======== Given data ========
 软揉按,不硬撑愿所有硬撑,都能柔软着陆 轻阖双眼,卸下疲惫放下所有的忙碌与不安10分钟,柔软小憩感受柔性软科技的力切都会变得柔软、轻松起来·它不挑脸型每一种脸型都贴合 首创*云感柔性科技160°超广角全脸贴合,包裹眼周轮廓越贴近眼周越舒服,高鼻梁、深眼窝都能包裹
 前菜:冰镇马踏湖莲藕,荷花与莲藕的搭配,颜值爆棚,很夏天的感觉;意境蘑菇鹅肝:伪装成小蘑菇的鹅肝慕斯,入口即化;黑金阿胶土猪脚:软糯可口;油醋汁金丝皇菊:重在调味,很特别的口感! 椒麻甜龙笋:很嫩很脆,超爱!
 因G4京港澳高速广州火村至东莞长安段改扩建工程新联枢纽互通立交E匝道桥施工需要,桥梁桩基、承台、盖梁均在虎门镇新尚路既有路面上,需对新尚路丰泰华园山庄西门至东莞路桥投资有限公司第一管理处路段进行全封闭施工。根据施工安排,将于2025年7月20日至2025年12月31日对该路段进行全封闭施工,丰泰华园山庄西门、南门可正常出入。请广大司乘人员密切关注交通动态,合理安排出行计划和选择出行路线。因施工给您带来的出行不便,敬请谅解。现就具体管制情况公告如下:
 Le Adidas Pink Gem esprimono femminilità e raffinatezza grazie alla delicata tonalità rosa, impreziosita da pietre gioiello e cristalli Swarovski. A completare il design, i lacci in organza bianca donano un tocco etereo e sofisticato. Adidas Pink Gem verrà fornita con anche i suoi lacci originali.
========
Problem to work on:
An exact repetition of the material above is required, from its first line through the line holding "因G4京港澳高速广州火村至东", with nothing added.

Your response:
 软揉按,不硬撑愿所有硬撑,都能柔软着陆 轻阖双眼,卸下疲惫放下所有的忙碌与不安10分钟,柔软小憩感受柔性软科技的力切都会变得柔软、轻松起来·它不挑脸型每一种脸型都贴合 首创*云感柔性科技160°超广角全脸贴合,包裹眼周轮廓越贴近眼周越舒服,高鼻梁、深眼窝都能包裹
 前菜:冰镇马踏湖莲藕,荷花与莲藕的搭配,颜值爆棚,很夏天的感觉;意境蘑菇鹅肝:伪装成小蘑菇的鹅肝慕斯,入口即化;黑金阿胶土猪脚:软糯可口;油醋汁金丝皇菊:重在调味,很特别的口感! 椒麻甜龙笋:很嫩很脆,超爱!
 因G4京港澳高速广州火村至东莞长安段改扩建工程新联枢纽互通立交E匝道桥施工需要,桥梁桩基、承台、盖梁均在虎门镇新尚路既有路面上,需对新尚路丰泰华园山庄西门至东莞路桥投资有限公司第一管理处路段进行全封闭施工。根据施工安排,将于2025年7月20日至2025年12月31日对该路段进行全封闭施工,丰泰华园山庄西门、南门可正常出入。请广大司乘人员密切关注交通动态,合理安排出行计划和选择出行路线。因施工给您带来的出行不便,敬请谅解。现就具体管制情况公告如下:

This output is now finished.